Squealing tires indicate the Initial D racing games. Digitized laser beams would lead you to the Gundam robot games. And high-pitched anime voices entice gamers to bang on the colourfully-cutesy Taiko drum machine or inside a pink bubbly photo booth.

At the front are three rows of white Japanese arcade cabinets. Players sit down and pop in their quarters to start a match with an opponent sitting across from them. Their eyes are shifting back and forth while their hands move accordingly. Joysticks twist and turn in quarter circle motions, followed by a blitz of button mashes to execute fireballs and dragon punches. Nearly everyone is silent. People gather around to watch, many of them waiting to play next. “You put your quarter down on the machine you wanna play on next. That means you got dibs on the next game,” said one watcher itching to play Street Fighter IV.

Behind the pink neon sign, inside the dark and musty interior, the house is packed.

The Lovegety, housed in a strip mall next to Highway 7 in Thornhill, is the GTA’s last remaining independent arcade, a connection to a bygone era, before computers and Xboxes, when the only way to play was face-to-face with your opponent. And since Funland, the dark Yonge St. gaming room, closed over the summer, gaming enthusiasts from Ryerson have to make the trek to this suburb to get their fix.

It’s not entirely clear why the Lovegety has managed to stay afloat, outlasting the six or seven arcades that used to dot Yonge St. downtown. But the president of the rival Playdium speculates it might have something to do with the way the business has cornered its market.

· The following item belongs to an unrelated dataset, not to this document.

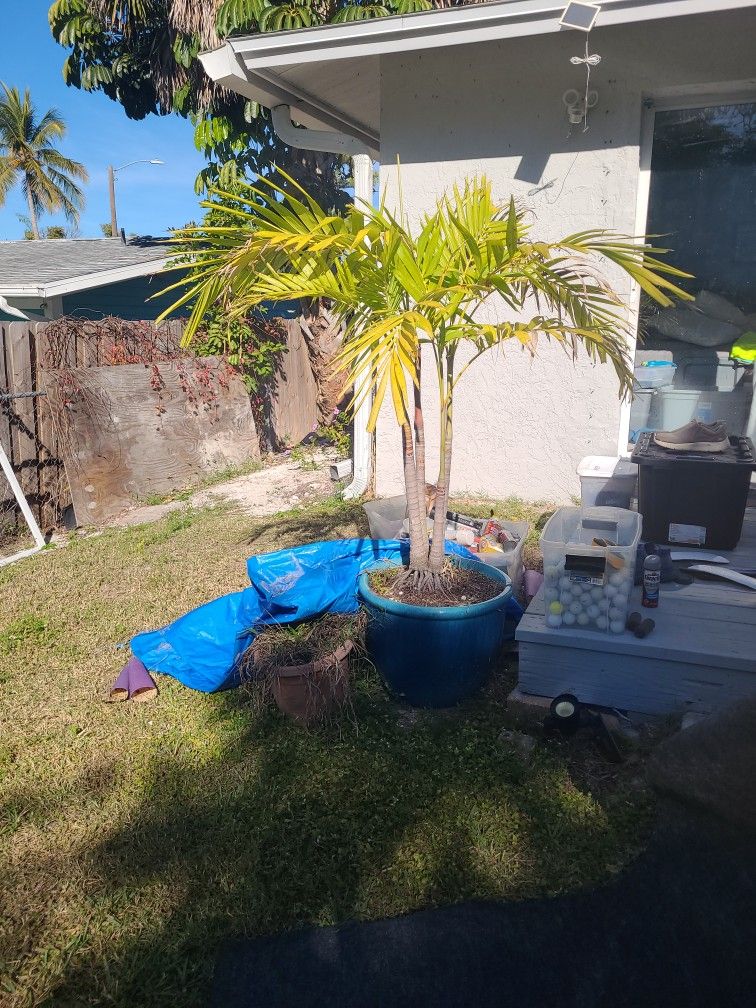 Miniature . Quad, Christmas Palm in ceramic glazed pot.

“Lovegety has done a very good job at skewing its offering to the Asian clientele and it’s really similar to what an Asian style gaming centre would be,” said Len Keywood, who’s been in the business of distributing coin-operated machines since 1975. “The owner of the Lovegety has picked its market and zeroed in on it and does a good job.”

The Gety’s reputation is only known through word-of-mouth. There are a couple tournament websites that post videos of Street Fighter IV matches that happened at the arcade. Other than that, there’s no advertising and no promotion for the Gety.

Even so, some gamers are here every night. Commuting from cities like Hamilton, Mississauga and other far off corners of southern Ontario on a weekly basis is the only way to get a chance to play the latest unreleased games. For competitive gamers, getting to play new games like Street Fighter IV early gives them a head start. More time for them to master their moves and strategies.

“In Toronto, the competition is really fierce; that’s what attracts a lot of people to come here,” said Eric Hai, a business management student at Ryerson who placed fourth in the last Street Fighter tournament. “The best players come here. I don’t live too far away and when there’s a lot of competition, I’ll stay for a while.”

“Every game he touches, he masters. He’s like a gaming genius,” said Alex Shin, one of his gaming buddies.

Andy Lai, an information technology management graduate from Ryerson and a Lovegety regular says the owners listen to their suggestions.

“The owner is from Hong Kong and he always asks us about which games to import next. He really loves the arcade experience back in Asia. Sometimes he’ll even put his quarters down to play with us too,” he says.

Lai and the owner have a partnership. The owner imports the games, and players like Lai encourage other gamers to come to the arcade, by organizing tournaments every month.

One of the arcade’s biggest attractions is the currency of the games. Street Fighter IV isn’t coming to North America until February 2009. Many of the Gety’s other games will never be released in Canada at all. Even though computers and home consoles like the Playstation 3 and Xbox 360 sport superior graphics and online capabilities, the Gety allows gamers to play unreleased products.

Even though the Gety depends on the tastes of gamers in the targeted “Asian demographic”, one Brampton gamer is introducing his newly discovered arcade to his own fellow gamers. Peter Rebelo, 30, a Street Fighter enthusiast heard about the arcade in the middle of October. “Don’t be afraid, by all means. If you’re any other type of race or whatever, just come on down. There are no bad feelings or intentions when you’re playing. It’s always about the love for a good challenge,” he says.